======== Recorded information

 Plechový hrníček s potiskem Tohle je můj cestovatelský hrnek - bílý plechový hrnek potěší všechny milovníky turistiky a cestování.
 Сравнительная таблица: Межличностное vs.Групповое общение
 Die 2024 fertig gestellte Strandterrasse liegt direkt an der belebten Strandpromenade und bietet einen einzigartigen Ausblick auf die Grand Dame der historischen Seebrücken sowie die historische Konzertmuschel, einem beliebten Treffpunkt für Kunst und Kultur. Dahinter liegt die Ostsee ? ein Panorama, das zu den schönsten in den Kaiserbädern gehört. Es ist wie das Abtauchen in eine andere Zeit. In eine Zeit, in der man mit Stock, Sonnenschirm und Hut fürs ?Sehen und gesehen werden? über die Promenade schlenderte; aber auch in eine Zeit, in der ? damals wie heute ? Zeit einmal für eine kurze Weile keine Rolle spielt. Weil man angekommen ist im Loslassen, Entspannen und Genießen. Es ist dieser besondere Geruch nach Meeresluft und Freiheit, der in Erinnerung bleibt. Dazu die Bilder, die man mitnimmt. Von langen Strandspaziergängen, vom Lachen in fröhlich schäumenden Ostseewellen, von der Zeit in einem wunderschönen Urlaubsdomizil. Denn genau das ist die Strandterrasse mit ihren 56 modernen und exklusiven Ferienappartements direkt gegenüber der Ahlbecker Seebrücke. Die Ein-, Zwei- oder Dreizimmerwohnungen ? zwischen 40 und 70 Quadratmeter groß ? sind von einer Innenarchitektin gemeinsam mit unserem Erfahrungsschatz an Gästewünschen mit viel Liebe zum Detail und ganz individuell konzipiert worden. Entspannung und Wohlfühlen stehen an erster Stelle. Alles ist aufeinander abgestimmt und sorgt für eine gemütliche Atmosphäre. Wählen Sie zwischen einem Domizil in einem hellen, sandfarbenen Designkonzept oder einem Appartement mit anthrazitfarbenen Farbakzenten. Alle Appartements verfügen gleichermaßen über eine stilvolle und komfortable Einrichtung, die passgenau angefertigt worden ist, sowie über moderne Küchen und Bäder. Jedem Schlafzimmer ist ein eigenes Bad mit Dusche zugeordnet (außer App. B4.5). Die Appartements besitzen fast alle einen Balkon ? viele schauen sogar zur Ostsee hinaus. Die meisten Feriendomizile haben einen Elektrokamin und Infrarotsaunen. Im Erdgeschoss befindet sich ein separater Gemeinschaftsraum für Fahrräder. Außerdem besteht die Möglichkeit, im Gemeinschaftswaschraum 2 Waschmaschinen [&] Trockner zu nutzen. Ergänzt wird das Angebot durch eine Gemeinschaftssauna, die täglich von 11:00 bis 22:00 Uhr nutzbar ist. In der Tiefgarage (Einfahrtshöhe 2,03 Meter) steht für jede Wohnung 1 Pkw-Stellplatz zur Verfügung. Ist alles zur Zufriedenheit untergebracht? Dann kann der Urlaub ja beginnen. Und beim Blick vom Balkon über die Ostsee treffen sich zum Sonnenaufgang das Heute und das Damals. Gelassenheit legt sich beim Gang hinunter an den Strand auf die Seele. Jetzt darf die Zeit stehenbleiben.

================

Activity: The data above needs retyping. Reproduce each line exactly.

Reply:
 Plechový hrníček s potiskem Tohle je můj cestovatelský hrnek - bílý plechový hrnek potěší všechny milovníky turistiky a cestování.
 Сравнительная таблица: Межличностное vs.Групповое общение
 Die 2024 fertig gestellte Strandterrasse liegt direkt an der belebten Strandpromenade und bietet einen einzigartigen Ausblick auf die Grand Dame der historischen Seebrücken sowie die historische Konzertmuschel, einem beliebten Treffpunkt für Kunst und Kultur. Dahinter liegt die Ostsee ? ein Panorama, das zu den schönsten in den Kaiserbädern gehört. Es ist wie das Abtauchen in eine andere Zeit. In eine Zeit, in der man mit Stock, Sonnenschirm und Hut fürs ?Sehen und gesehen werden? über die Promenade schlenderte; aber auch in eine Zeit, in der ? damals wie heute ? Zeit einmal für eine kurze Weile keine Rolle spielt. Weil man angekommen ist im Loslassen, Entspannen und Genießen. Es ist dieser besondere Geruch nach Meeresluft und Freiheit, der in Erinnerung bleibt. Dazu die Bilder, die man mitnimmt. Von langen Strandspaziergängen, vom Lachen in fröhlich schäumenden Ostseewellen, von der Zeit in einem wunderschönen Urlaubsdomizil. Denn genau das ist die Strandterrasse mit ihren 56 modernen und exklusiven Ferienappartements direkt gegenüber der Ahlbecker Seebrücke. Die Ein-, Zwei- oder Dreizimmerwohnungen ? zwischen 40 und 70 Quadratmeter groß ? sind von einer Innenarchitektin gemeinsam mit unserem Erfahrungsschatz an Gästewünschen mit viel Liebe zum Detail und ganz individuell konzipiert worden. Entspannung und Wohlfühlen stehen an erster Stelle. Alles ist aufeinander abgestimmt und sorgt für eine gemütliche Atmosphäre. Wählen Sie zwischen einem Domizil in einem hellen, sandfarbenen Designkonzept oder einem Appartement mit anthrazitfarbenen Farbakzenten. Alle Appartements verfügen gleichermaßen über eine stilvolle und komfortable Einrichtung, die passgenau angefertigt worden ist, sowie über moderne Küchen und Bäder. Jedem Schlafzimmer ist ein eigenes Bad mit Dusche zugeordnet (außer App. B4.5). Die Appartements besitzen fast alle einen Balkon ? viele schauen sogar zur Ostsee hinaus. Die meisten Feriendomizile haben einen Elektrokamin und Infrarotsaunen. Im Erdgeschoss befindet sich ein separater Gemeinschaftsraum für Fahrräder. Außerdem besteht die Möglichkeit, im Gemeinschaftswaschraum 2 Waschmaschinen [&] Trockner zu nutzen. Ergänzt wird das Angebot durch eine Gemeinschaftssauna, die täglich von 11:00 bis 22:00 Uhr nutzbar ist. In der Tiefgarage (Einfahrtshöhe 2,03 Meter) steht für jede Wohnung 1 Pkw-Stellplatz zur Verfügung. Ist alles zur Zufriedenheit untergebracht? Dann kann der Urlaub ja beginnen. Und beim Blick vom Balkon über die Ostsee treffen sich zum Sonnenaufgang das Heute und das Damals. Gelassenheit legt sich beim Gang hinunter an den Strand auf die Seele. Jetzt darf die Zeit stehenbleiben.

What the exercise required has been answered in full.